Время. Время. Время...
Сколько же его утекло прежде, чем они вновь встретились. Год, два, три? Десять? Сейчас это казалось абсолютно, кристаллически неважным, ведь то, что люд звал огнем жизни, начал уютно теплиться в ней только сейчас. Не бушевать, не выжигать все в округе, не палить, но греть. Вся ее странная и в корне, пред богами и звездами, неправильная сущность вновь принимала человеческое обличие. Начинали просыпаться эмоции, тревожность улетучивалась, мягко гладило по затылку ощущение безопасности и... дома? Здесь, на тракте? На тракте. На пыльной дороге, которая имеет свойство не кончаться, Цирилла чувствовала, как медленно отходит ото сна сжавшаяся, схоронившаяся часть души, которую она так долго хотела отбросить, которая, как ей казалось, умерла, та, что делала ее такой уязвимой. Делала ее слабой.

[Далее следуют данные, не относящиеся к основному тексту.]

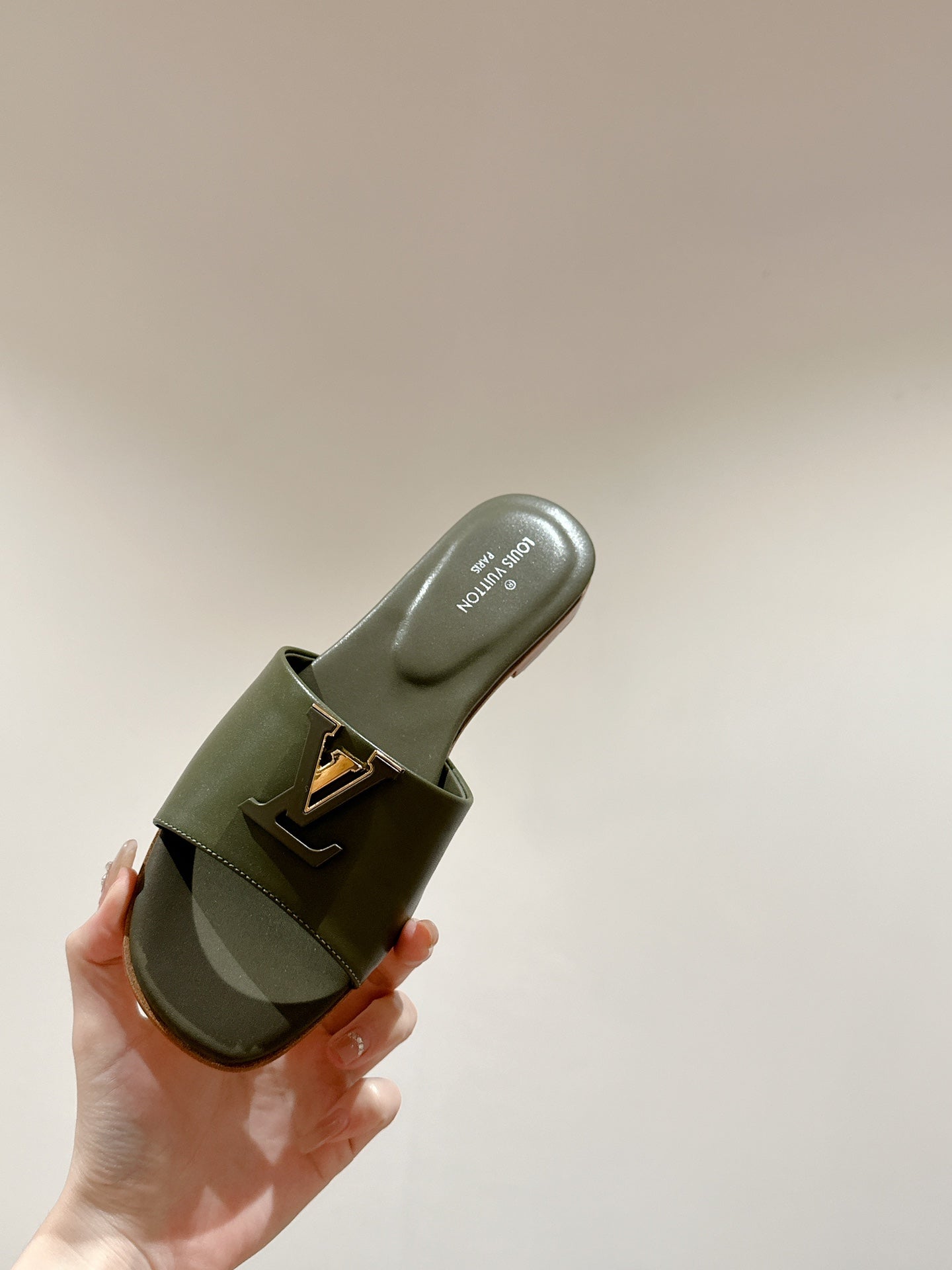 lv capri flat mule khaki green calfskin
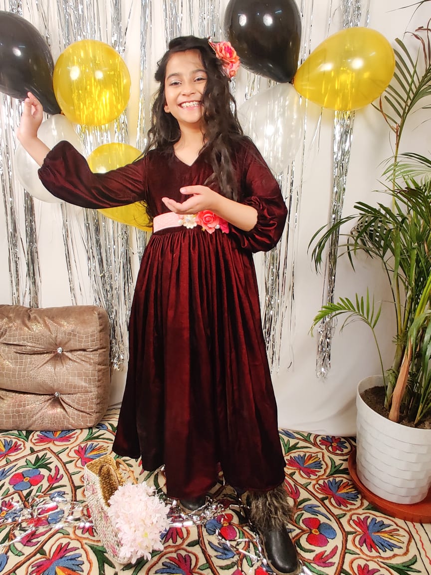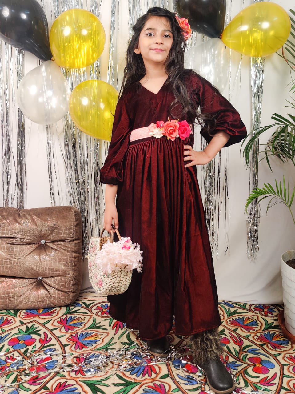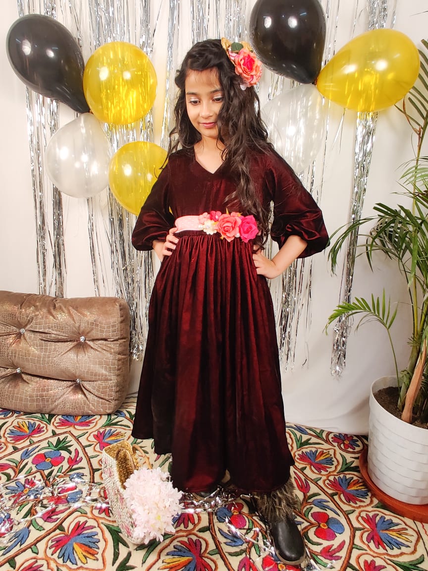 + Free ShippingThis maroon elegance, made in velvet, is a dream come true for your little pony. She can twirl and swirl to her hearts fullest. Bishop Sleeves, Floral lace in the front, make it fancy and cute. Its effortless and comfortable style will make your little doll look majestic.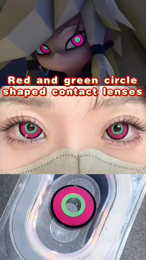 Red and green circle-shaped contact lenses #AnimeContacts#CosplayContacts #CosplayMakeup #ComicPie
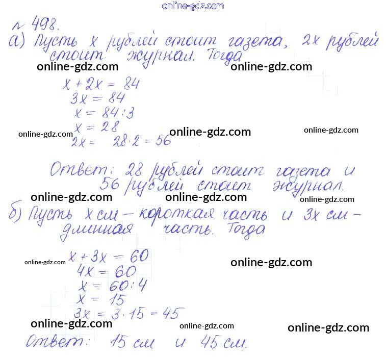 Готовые домашние задания по Математике за 6 класс Задачник Бунимович, Кузнецова Сферы 2014 - Упражнения 498
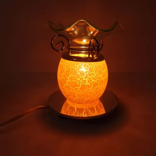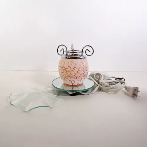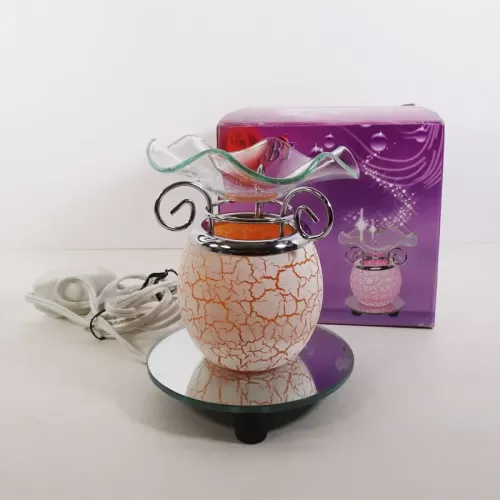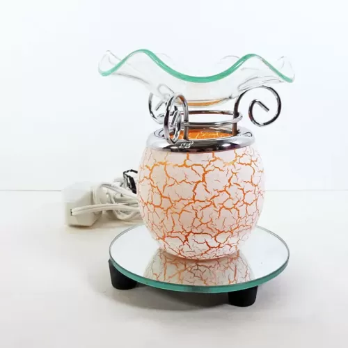 Electric oil or tart warmer featuring a white crackle design with a rusty orange background. A round mirror base completes the look.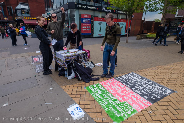 Some paused to read the posters or take a leaflet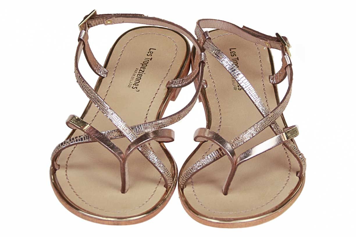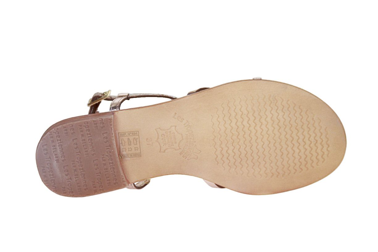 Deze goud lederen damessandaal is van het merk Les Tropeziennes.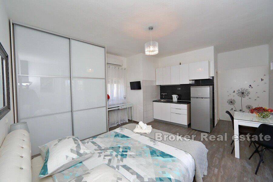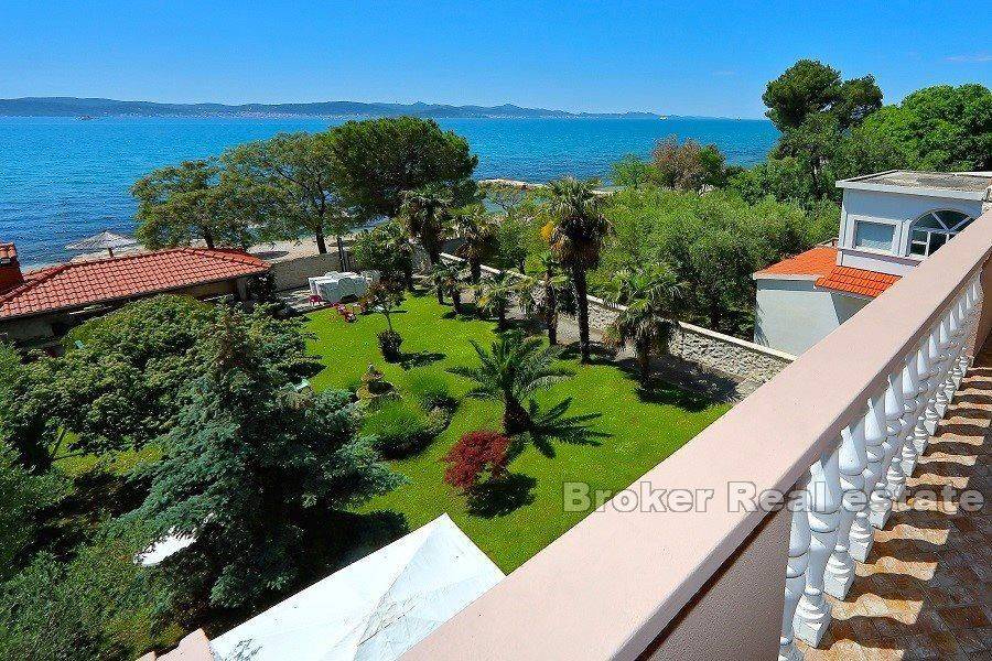 Zadar apartmanska vila prvi red do mora. Vila u svojoj stambene površine od 500m2, izgrađena na zemljištu od 700m2, prostire se na tri etaže: – U prizemlju se nalaze tri spremišta, garaža i komforan trosoban apartman s velikom natkrivenom terasom. – Na prvom katu je veliki gazdinski apartman sa tri spavaće sobe i velikom terasom s koje se pruža pogled na more. – Na drugom katu nalaze se 4 apartmana svaki sa izlazom na terasu, pogledom na more i obližnje otoke. Sve apartmanske jedinice su uređene i namještene. Cijelo dvorište ove vile ograđeno je i kultivirano, dobar dio dvorišta pretvoren u travnjak s palmama i raznolikim mediteranskim biljem. Na donjem djelu dvorišta uz samo more izgrađen je zidani kamin s pergolom, mjestom predviđenim za ljetna obiteljska druženja. Iz dvorišta se izlazi direktno na šljunčanu plažu gdje se nalazi i pripadajuće sunčalište i vez za brod. Odlična lokacija vile, blizina grada Zadra kao i blizina autoceste, zračne i prometne luke.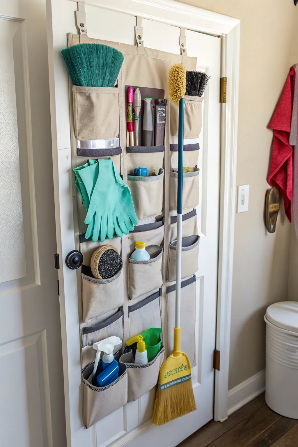 Use vertical storage to keep your cleaning tools in order and easy to reach.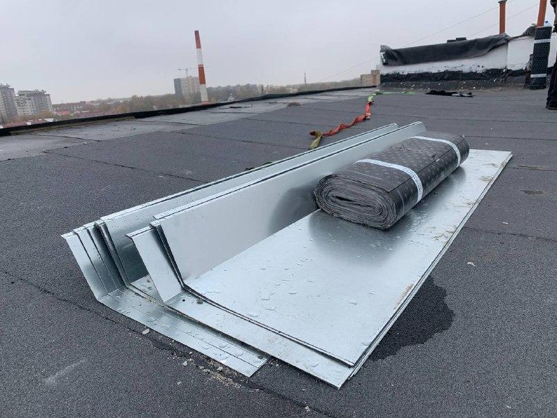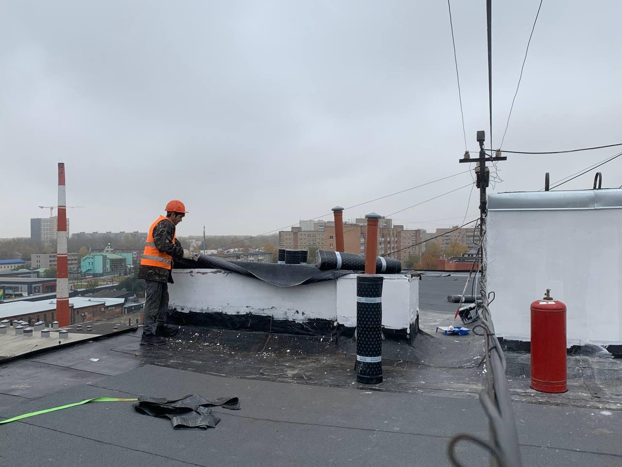 "Мы провели полный демонтаж материалов до плиты, заделали все щели, уложили керамзит, сетку, новую выравнивающую стяжку, первый, а затем второй слои покрытия. В ближайшие дни по краю крыши установят ограждения и завершат примыкание второго слоя", - отметил Алексей Панченко, руководитель проекта ООО "Аркерон".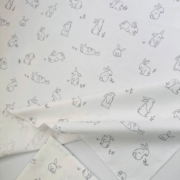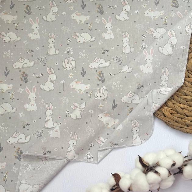 Пелюшка бавовняна багаторазова для новонародженого 90х80 см Сірі зайчики біла з малюнком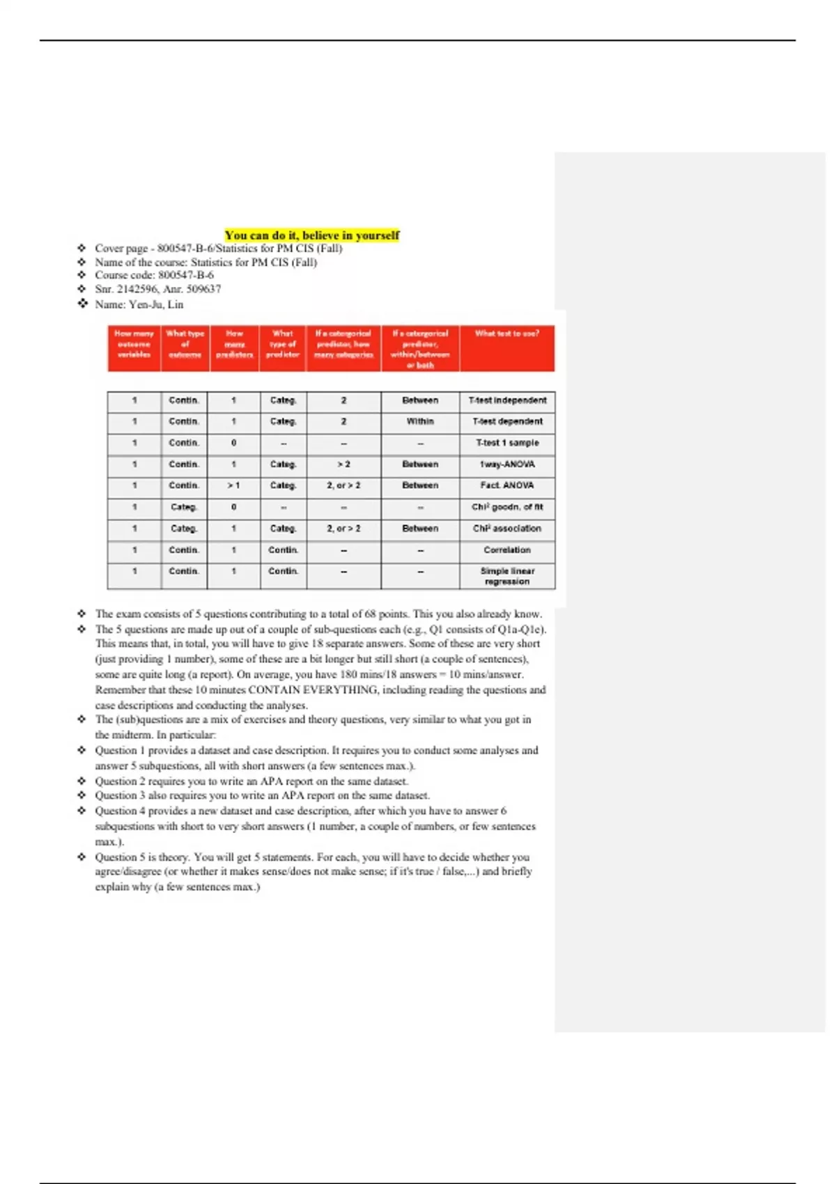 analysis (even if the assumption has been met). Hence, for this exam, also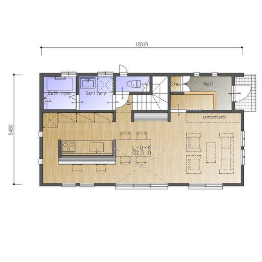 【間取り・注文住宅プラン】アイランドキッチンと、吹き抜けのある3LDKの間取り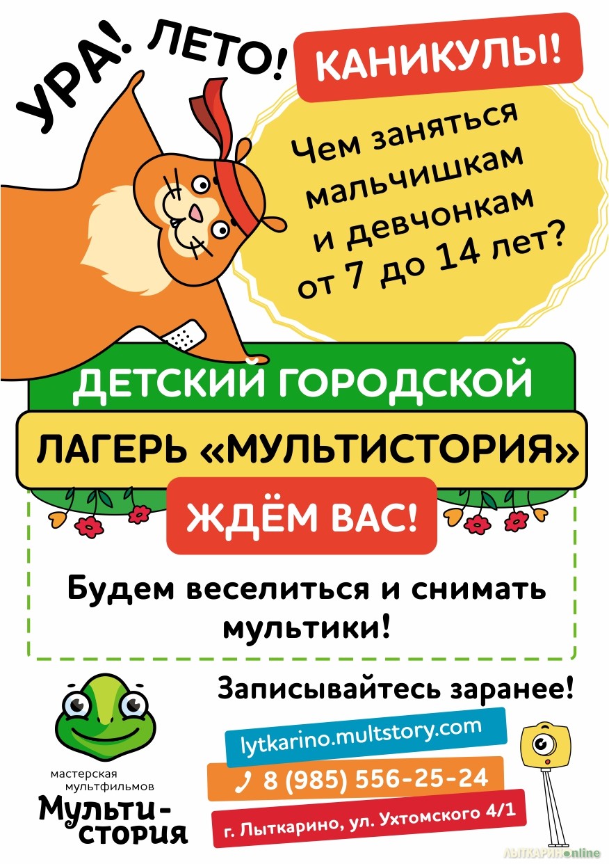 ул. Ухотомского, 4/1 Мультистория приглашает ребят от 7 до 14 лет провести самые незабываемые каникулы в городском лагере! Всё лето наши двери открыты! В нашем лагере каждую неделю - новый творческий сезон, каждый день - незабываемые квесты/игры/творческие мастер-классы, а главное - создание мультфильмов и анимационных проектов своими руками! А еще у нас: - Индивидуальный подход к каждому ребенку - Проектные работы и командные игры - Различные сказочные задания и фокусы - Рисование в самых разных техниках - Лепка из пластилина - Перевоплощение в героев мультфильмов - Актерское мастерство - Развитие мелкой моторики, видения цвета - И многое другое! А главное - у нас в лагере ну оочень весело!

Как Фалька не хотела этого признавать, отплевывалась, отфыркивалась, навсегда заперая это знание внутри себя и не позволяя ему показать даже своей тени. Но наступает время, когда самые страшные уязвимости перестают что-то значить, когда все перестает иметь значения, и тебе становится абсолютно плевать. Потому, что больше не одна.
Она ведь ребенок... Брошеный, битый, никем не защищаемый, нелюбимый, всеми используемый и изуродованный ребенок, которого отчаянье и жестокость превратили в искалеченное маленькое чудовище. Она растеряла себя по крупицам, и больше ей не собраться в себя прежнюю. Только... может быть, рядом с ними Цири сможет срастить эти страшные выбоины.
Ее ладонь, ладонь пятнадцатилетней девочки, которя научилась держать эфес так крепко, что оная даже не скользила от крови, ладонь, которая несла только боль и смерти, дрожалла на черных поводьях и никак не могла перестать.
"Нет, нельзя стать совсем ледяным, нельзя себя закалить до бесчувствия — нельзя, не умеет человеческое тело ни с какой частью эльфьей крови. У каждого монстра есть та страшная уязвимость, которая никогда ему не подвластна и не будет храниться в его собственном теле, всё в этом мире уязвимо и понастоящему горько только потому, что эта самая сокровенная слабость живет только в чужом теле."
Телах. Боги, как она боялась, как же она боится их потерять. До сих пор напрягалась и вслушивалась в их скрадываемое ветром дыхание, как будто не верила, что это может оказаться правдой. Ведь если это все не правда, и их нет, то зачем и вовсе бороться?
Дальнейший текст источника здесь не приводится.